ROLE AND RESPONSIBILITIES:
Provide leadership, strategic oversight, and guidance of Clinical Operations to ensure quality, timeline, resources and budget goals are met
Establish performance indicators and apply to ensure the successful execution of clinical trials to agreed timelines
Ensure the effective and constructive integration of clinical operations knowledge and expertise into all applicable Clinical Development activities including integrated development plans and study protocols at Juul; interact and collaborate with other department heads as appropriate
Lead & mentor Clinical research staff to support successful internal training and its implementation and serve as an advocate for professional development of Clinical Operations staff
Oversee, plan and implement Quality Checks for clinical projects and provide leadership and direction to ensure the highest standards for compliance with Company SOPs, ICH-GCP guidelines, Regulatory authority regulations and patient safety standards
Mentor clinical operations staff on the Regulatory Inspections process and develop a pro-active approach for Inspection readiness
Assist the QA department in the development, review and updating of Juul clinical SOPs
Accountable for the authorship of operational sections of protocols and investigator brochures, and leading the identification of and interaction with investigative sites and investigators, including study execution.

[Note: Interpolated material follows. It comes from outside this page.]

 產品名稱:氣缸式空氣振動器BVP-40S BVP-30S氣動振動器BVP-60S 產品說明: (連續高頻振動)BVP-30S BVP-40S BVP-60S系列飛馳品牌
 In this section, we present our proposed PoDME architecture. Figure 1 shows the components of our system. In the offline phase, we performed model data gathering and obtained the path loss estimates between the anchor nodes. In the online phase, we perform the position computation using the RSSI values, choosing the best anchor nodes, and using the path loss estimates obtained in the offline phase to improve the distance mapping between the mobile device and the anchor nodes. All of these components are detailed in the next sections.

Develop and manage CROs, external experts and Investigators to ensure effective execution of internal and external clinical projects.
Coordinate with the VP of Scientific Affairs and broader Regulatory Science organization and to deliver high quality data deliverables on time and on budget (e.g. collaboration with statisticians, collaboration with data managers, data overview, clinical study reports, etc.)

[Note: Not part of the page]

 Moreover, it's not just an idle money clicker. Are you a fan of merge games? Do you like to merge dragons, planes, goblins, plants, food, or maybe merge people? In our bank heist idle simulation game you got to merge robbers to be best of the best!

Provide support for regulatory submissions, supporting dossier development and participating in interactions with FDA, EMA and other regulatory agencies
Keep abreast of competitive regulatory and clinical practices and utilize this knowledge during the ongoing development and adjustment of plans.

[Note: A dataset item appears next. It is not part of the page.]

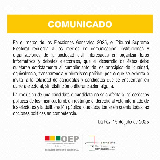 La Paz, 15 de julio de 2025 – El Tribunal Supremo Electoral (TSE) emitió un comunicado recordando a los medios de comunicación, instituciones y organizaciones de la sociedad civil interesadas en organizar foros informativos y debates electorales que deben sujetarse estrictamente a los principios de igualdad, equivalencia, transparencia y pluralismo político.

10+ years experience in clinical research and operations
Nicotine research experience preferred
Education/Experience: regulatory, and safety documents preferred
Experience with clinical data management and pharmacovigilance is a plus
In-depth understanding and experience across the clinical operations value chain, with a track record of success in study planning, execution, data cleaning, database locking, study report generation and regulatory inspection
Experience in developing protocols, SOPs, Clinical Study Reports as well as other clinical processes, and change to management and staff
Experience leading a rapidly changing environment and integrating new personnel is essential, as well as ability to evaluate and resolve complex problems
Must have a thorough knowledge of clinical research concepts, practices, and FDA regulations and ICH Guidelines regarding drug development phases, clinical trials, clinical study design, and data management methods. Self-motivated to maintain expertise in regulatory requirements and guidance to ensure that the Clinical Operations remains compliant with GCP and other global regulatory guidelines or laws
For the best fit, you should be a results-oriented team player with strong interpersonal and communications skills, capable of working collaboratively with colleagues
The ideal candidate will have:
Bachelors in Life Sciences, Nursing Licensure or Pharmacy
An advanced degree (MS, PhD, PharmD or MD or MBA) preferred but not required
TECHNICAL, MANAGEMENT & LEADERSHIP COMPETENCIES
Development and strategic planning of clinical research projects
Ability to operate with a strong business mindset and make effective decisions, or decision recommendations to senior executives
In-depth understanding and experience across the clinical operations value chain- study planning, execution, data cleaning, database locking, study report generation and regulatory inspection, audits, report writing, publishing of clinical trial data.
Experience with global drug development and NDA filing is preferred; experience in developing protocols, SOPs, Clinical Study Reports, INDs, NDAs, as well as other clinical, regulatory, and safety documents preferred
Results-oriented team player with strong interpersonal and communications skills, capable of working collaboratively with cross-functional colleagues
Demonstrated ability to effectively manage projects and people. Proactive problem-solving and focus on outcomes
Ability to influence without authority and manage cross-functional teams in matrix organizations
Strong communication and presentation skills-demonstrates strong written and verbal communication skills and ability to relay vision/strong sense of department organization, processes, and change to management and staff
Experience adapting and leading through change with ability to evaluate and resolve complex problems
PERKS & BENEFITS:
A place to grow your career. We’ll help you set big goals - and exceed them
People. Work with talented, committed and supportive teammates
Equity and performance bonuses. Every employee is a stakeholder in our success
Boundless snacks and drinks
Cell phone subsidy, commuter benefits and discounts on JUUL products
Juul Labs is a thriving team of scientists, engineers, designers and professionals who are committed to offering adult smokers alternatives to combustible cigarettes, while combating underage use of our products. JUUL products are designed to transition adult smokers from combustible cigarettes by providing a competitive nicotine experience.